This is why you don't want to live anywhere near a black hole, or any other kind of old, dense star.
You'd have more and more time to do what you like the closer you get to the event horizon and you would have something beautiful to look at, but your planet wouldn't last much longer, unfortunately.
COMPOSITION: Entirely composed and painted in PS (except for the asteroids which I created in Lightwave using particles and hypervoxels) over the course of roughly one and half days.
ORIGINAL SIZE: 22x9 in. 143 layers.
Comments and critique welcome as always and by all means, if you feel like it, do buy a print.

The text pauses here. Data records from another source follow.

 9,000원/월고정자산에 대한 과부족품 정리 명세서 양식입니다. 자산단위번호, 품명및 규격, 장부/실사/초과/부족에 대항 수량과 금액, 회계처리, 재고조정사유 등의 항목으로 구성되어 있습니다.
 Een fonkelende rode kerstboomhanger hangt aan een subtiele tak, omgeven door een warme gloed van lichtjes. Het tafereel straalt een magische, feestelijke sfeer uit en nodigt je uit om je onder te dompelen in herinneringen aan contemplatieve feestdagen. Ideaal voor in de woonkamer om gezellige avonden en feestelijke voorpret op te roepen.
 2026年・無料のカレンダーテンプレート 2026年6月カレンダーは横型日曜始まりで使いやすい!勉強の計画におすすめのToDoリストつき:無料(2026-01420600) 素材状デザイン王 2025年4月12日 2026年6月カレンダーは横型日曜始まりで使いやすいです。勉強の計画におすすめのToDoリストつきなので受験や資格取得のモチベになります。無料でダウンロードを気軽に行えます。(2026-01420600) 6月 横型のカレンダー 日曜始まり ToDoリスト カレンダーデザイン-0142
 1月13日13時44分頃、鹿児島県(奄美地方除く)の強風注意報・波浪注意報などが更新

I gave your statement "You'd have more and more time to do what you like the closer you get to the event horizon" some thought though and I actually doubt that's true. I would think time affects all matter including the speed of your neurons, so effectively you would be acting slower rather than live in a slower world. I might be wrong though. But before such an effect would take place I think the atmosphere is taken away from the planet so you would suffocate before any funny business would show up. Still, it would be a spectacular sight in those last moments.

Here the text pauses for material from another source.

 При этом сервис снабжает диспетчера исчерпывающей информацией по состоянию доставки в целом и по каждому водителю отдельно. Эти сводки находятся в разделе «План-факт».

It is believed in quantum physics that the higher the gravity gets, especially around a black hole, and the closer you get to it, that even time will eventually slow down. It's time dilation. Obviously it all depends from which point of view you're describing a phenomenon. I didn't mean the statement entirely seriously though, rather more in funny context.
I understand, but I think it's a misconception that you would have more time to observe it all. Of course from an outsider it would look like an object falling in takes an awful lot of time. I believe at the event horizon the object would even come to a standstill and gradually become fainter instead of actually moving.

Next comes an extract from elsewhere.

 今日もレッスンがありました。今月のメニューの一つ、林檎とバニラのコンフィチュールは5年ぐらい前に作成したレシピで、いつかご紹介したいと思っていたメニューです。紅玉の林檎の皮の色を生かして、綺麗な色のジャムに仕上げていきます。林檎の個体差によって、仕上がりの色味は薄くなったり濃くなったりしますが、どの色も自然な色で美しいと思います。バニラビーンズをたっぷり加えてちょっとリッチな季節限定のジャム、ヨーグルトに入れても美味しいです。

We wouldn't really know for sure until we'd experience it; and if we did, whoever it happened to wouldn't be able to tell. So, it's all theory. Who knows for sure?
I guess indeed we would need observational data, however as far as black holes are understood I have more trust in what the (theoretical) physicists think will happen than my own speculations. You're right though. I can imagine no one knows for sure.
I wonder if we manage to make a warp drive if it would be possible to send a camera into a black hole. Not that it would last beyond the event horizon but at least we could see what happens on the way to that area.
You'd have to protect that camera from such an intense gravitational field and energy expulsion that I very much doubt that would be possible. Plus, again with the time dilation. Any signals sent back would never leave the event horizon.